At that point, they considered smuggling themselves into the Dominican Republic, hiring a charter fishing boat to take them across the Caribbean Sea from Mayagüez on Puerto Rico’s western coast to an island south of Punta Cana. With their cash secured inside a backpack on Ben’s shoulders, they were about to dive out of the boat and swim for it. The plan was to eventually set up in Santo Domingo.

But they backed off at the last minute. According to Ben, the brothers worried about a surveillance blimp that monitors the islands for suspicious activity – smugglers, drug runners, traffickers, guys swimming with backpacks of cash. Jeff had a different reason.

“Too easy,” Jeff says. “Cause I could’ve just flown there. Why would I take a boat?”

Standing across from each other in San Juan’s airport, feeling the heat and wanting to get the fuck out of Puerto Rico, Jeff faced a moment of truth.

“Where are you going?” Jeff asked Ben.

“Wherever I don’t need a passport,” Ben said.

“You don’t have a passport?”

“No.”

“Fuck.”

In Jeff’s retelling, Ben is plaintive, wailing.

“Don’t leave me,” he says as they mull over their options before an electronic board lit up with a listing of departing flights. Ben insists he was more subdued.

However emotional the conversation, Jeff ultimately refuses to abandon Ben. He can’t leave his brother for a life of sun-soaked happiness in Australia or Tahiti while Ben is hunted, vulnerable, and alone. “Not an option,” he says.

“I love you, bro,” I hear Jeff tell Ben from the apartment couch. “It’ll never happen again.”

Puerto Rico had run its course. The U.S. Virgin Islands were also in the Caribbean, but they were too hot for comfort. The brothers couldn’t go back to the lower 48. Options? Alaska or Hawaii. Jeff chose Alaska.

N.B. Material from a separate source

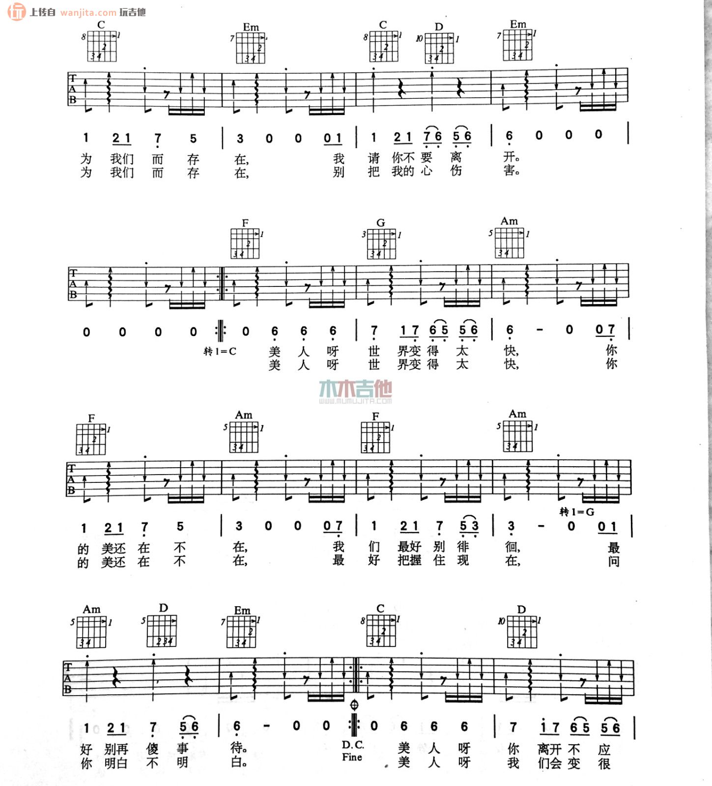 曲谱介绍: 《美人》吉他谱,总共3张高清图片谱,原调G调,选用C调,不使用变调夹。注意前奏的变化音,这首歌曲比较难以学习,不适合新手学习,这首歌曲难度较高,尤其体现在扫弦的节奏比较难以把握。

He chose it for two reasons. First and most obvious, it has a long and well-deserved reputation as an escape for people who don’t want to be found.

“Why wouldn’t you get as remote as possible?” Jeff asks as if a sojourn to Alaska was the most logical decision.

The second reason?

“My knowledge of Alaska was based on the New Jersey public school system,” Jeff says, deadpan. “I’d say the education system in New Jersey was pretty shitty.”

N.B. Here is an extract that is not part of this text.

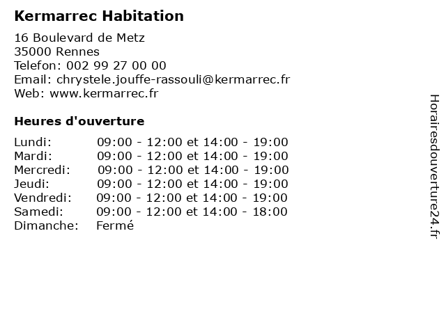 | Mardi | 09:00-12:00 et 14:00-19:00 |

You know, Inuits and igloos. That’s what he was expecting. Instead, he got Taco Bell and strip clubs.

They’re still there. Less than two years after being released from prison, Jeff and Ben have to remain in Alaska to be close to their parole officers.

There are no real explanations as to why the brothers chose destruction once they got to Alaska. What they agree about is that they landed in Anchorage completely unprepared for the state’s climate, literally and figuratively. Jeff was looking for log cabins, snowmachines and dog sleds. Instead, he saw tons of active-duty military personnel in the Anchorage airport, professionals and pilots who seemed too close to cops for his comfort, not to mention the fact that Anchorage is a city with half a million people.

Jeff and Ben needed something much more remote. They heard about a collection of luxurious hunting and fishing cabins on Fish Lakes Creek outside Skwentna, an area 65 miles north of Anchorage that is only accessible by air and water. In the early spring, they were told, it’s desolate.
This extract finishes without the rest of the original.